To add more slaves to an existing cluster:
$ ./tools/add_slaves.py num_slaves
Although the slaves should become available to existing MapReduce jobs, data in HDFS will not automatically shifted to them without running a rebalancer.
To export results from HDFS into Google Storage:
$ ./tools/download_results.py /hdfs/path /gs/path
To destroy your cluster:
$ ./tools/teardown.py
tools/status.py reports a status for the cluster and for instances.
Instance states:
BROKEN: The instance could not finish its startup script.

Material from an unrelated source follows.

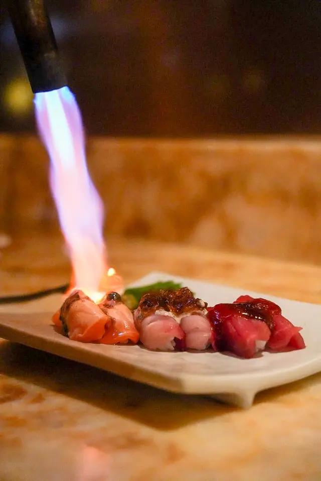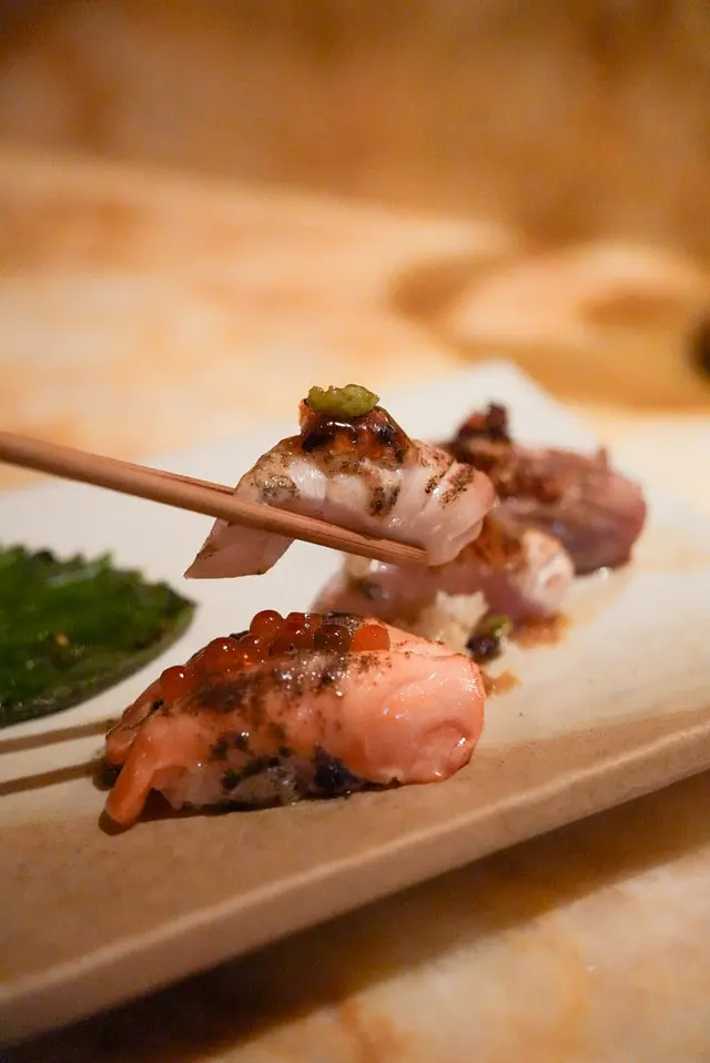 而火炙壽司更是即席火烤,用火槍的熱度烤至半熟,把刺身的油脂都燒出來,入口即化~OMG

The errors
will be propagated to the coordinator and listed in the status
of the cluster.
DOOMED: The instance is scheduled for deletion.
NON_EXISTENT: The instance is scheduled to be created.
PROVISIONING: This is the first Compute state after creating an instance.
STAGING: The instance's virtual machine is being set up.
RUNNING: The instance is running, but its startup scripts have not yet
completed.
SNITCH_READY: The instance's startup scripts are done.
HADOOP_READY: The appropriate Hadoop daemons are running.
Cluster states:
DOWN: Only the coordinator is running, and no commands have been
issued.
DOOMED: The coordinator is decomissioning instances.
BROKEN: A permanent state indicating that hadoop-jobtracker or
hadoop-namenode is BROKEN.
DOWNLOADING: The coordinator is mirroring the Hadoop package and some other
code.
LAUNCHING: Some instances exist, but Hadoop is not ready for use yet.
READY: Hadoop is usable. Not all slaves may be HADOOP_READY, but enough
are.
You can ssh into any instance. 'sudo su hadoop'
will let you become the user
that all agents run as. /home/hadoop/log_*
may be useful.
You may have to change hadoop_url in cfg.py to reflect an active Apache mirror.